A nice website! However, I expected finding a link to your major source of reference, the IOC checklist. That’s one thing. The other is your claiming credit for the Avibase lists which are, in my opinion, the most faulty in the Internet. Initially I also began by referring to them when starting my personal project since it is the first one runs into when searching the Internet. I soon found out, though, that they are so full of mistakes, in content and in language, that I won’t even look into them anymore. I am a Dutch ornithologist, a serious hobby birder since my 12th year, and currently working on a 10-language compendium of all holarctic bird names. Avibase is so embarrasingly bad in many languages that I wish they had been less pretentious by limiting themselves to, say, English and French (being a Canadian outfit).

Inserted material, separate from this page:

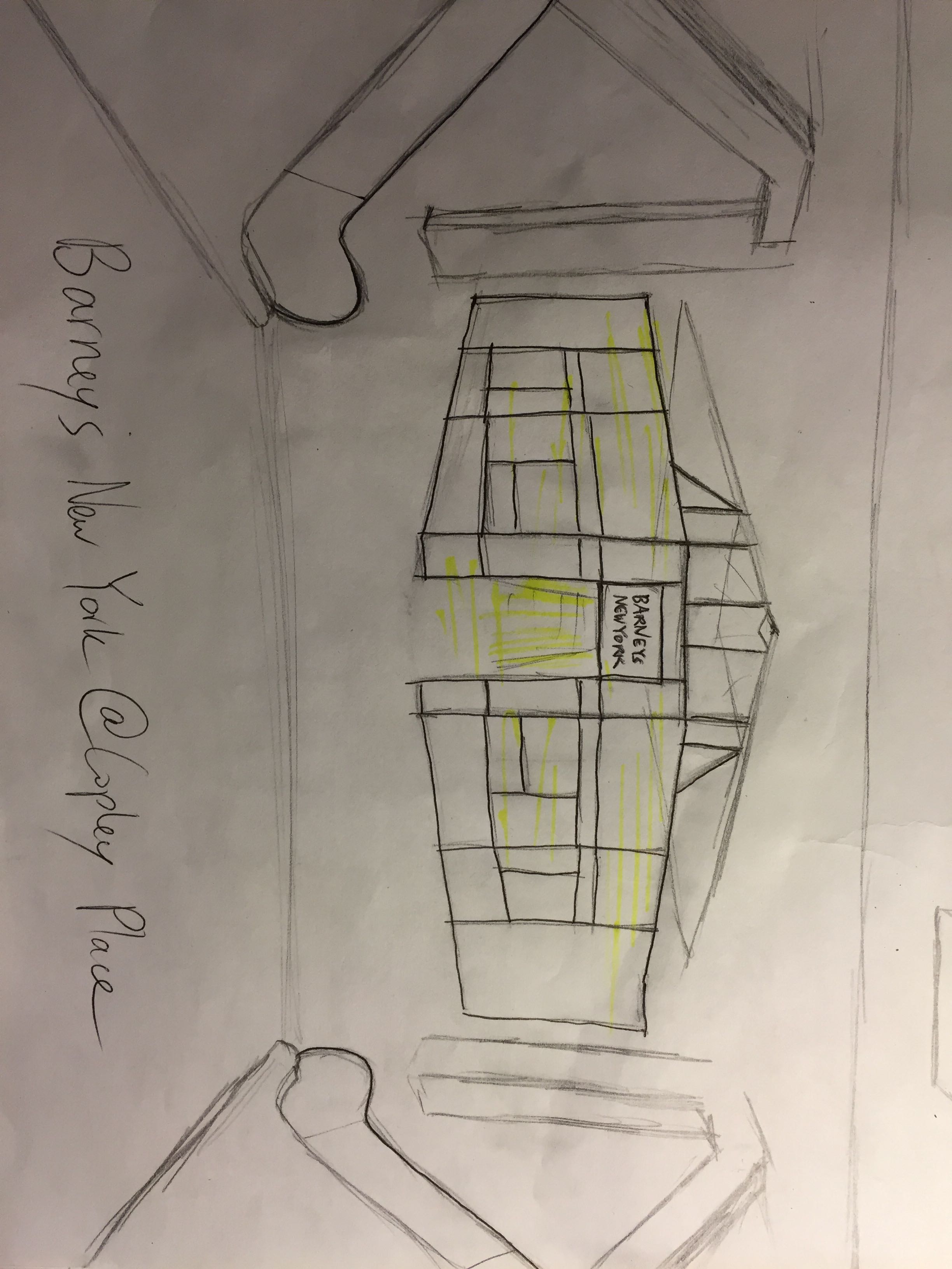 Although Newbury Street and Copley Place/Prudential Center seem like two different worlds – one outside, the other inside, one containing eclectic and contemporary brands and the other containing luxury heavyweights – the two utilize similar design strategies for their commercial purposes. On Newbury Street, every single storefront has roughly the same height and elevation, with the spaces in the buildings above the stores used as office spaces or residences. The entirety of Newbury Street has many consistent themes: red brick, at most four or five stories high, with plenty of glass storefronts. These, combined with the wide sidewalks, mimic the experience of an indoor mall. The sameness of the surroundings of each store, the glass, the freedom of space to roam – all are similar to the experience of walking through a mall. Copley Place/Prudential Center share many of these characteristics, although there are some specific differences. Copley Place has a low ceiling for many of the stores, providing an intimate atmosphere for luxury shoppers used to personal attention, while Prudential Center has a high ceiling for its generally more accessible brands. The indoor malls have clear entrances and exits, with welcome signs, whereas Newbury Street simply intersects with other streets. Newbury has no main gathering spots – it's one long street, whereas Copley has a main center with a large carving, and Prudential has a main open space next to the Microsoft store. One more interesting point of difference is the ability to escape – Newbury intersects multiple streets, each of which provide an exit, but in order to get out of Copley, a shopper has to walk back through a long, wide corridor lined with stores to make it back out.

I agree with you that the IOC is the only truly and fairly oriented international ornith. organization. Unfortunately, the AOU is too North-America-orientaed and actually refuses to work with the IOC and BirdLife Int’l. Too bad, as there are enough problems in the international scene to extend these to scientific fields. The most desturbing problem I encounter here is the lack of cooperation in reaching agreement on the taxonomic structure. Surely, newly acquired knowledge will continually cause necessary adjustments. But I think they ought to come together on basic structure, especially where Orders and families are concerned.
I wonder what you think of this and what you think of the differences between the Zoonomen structure and that of the IOC. Anyway, good luck with your birding and your personal checklist!
All the best, Ad Tolhuijs (Kanalstrasse 34; 8575 Buerglen; Switzerland; +41-71-630 0830; ad@tolhuijs.com
@Ad: Thanks for your comment!
I DID link to the IOC list and I did not “claim credit for the Avibase lists” so I am not sure of those criticisms.
As for the AOU, well, I don’t know much about who they will and will not work with but I do know that an organization that isn’t internally consistent in their listing is a questionable authority for a checklist. I am actually considering making the jump to Birdstack from eBird simply because Birdstack uses the IOC list.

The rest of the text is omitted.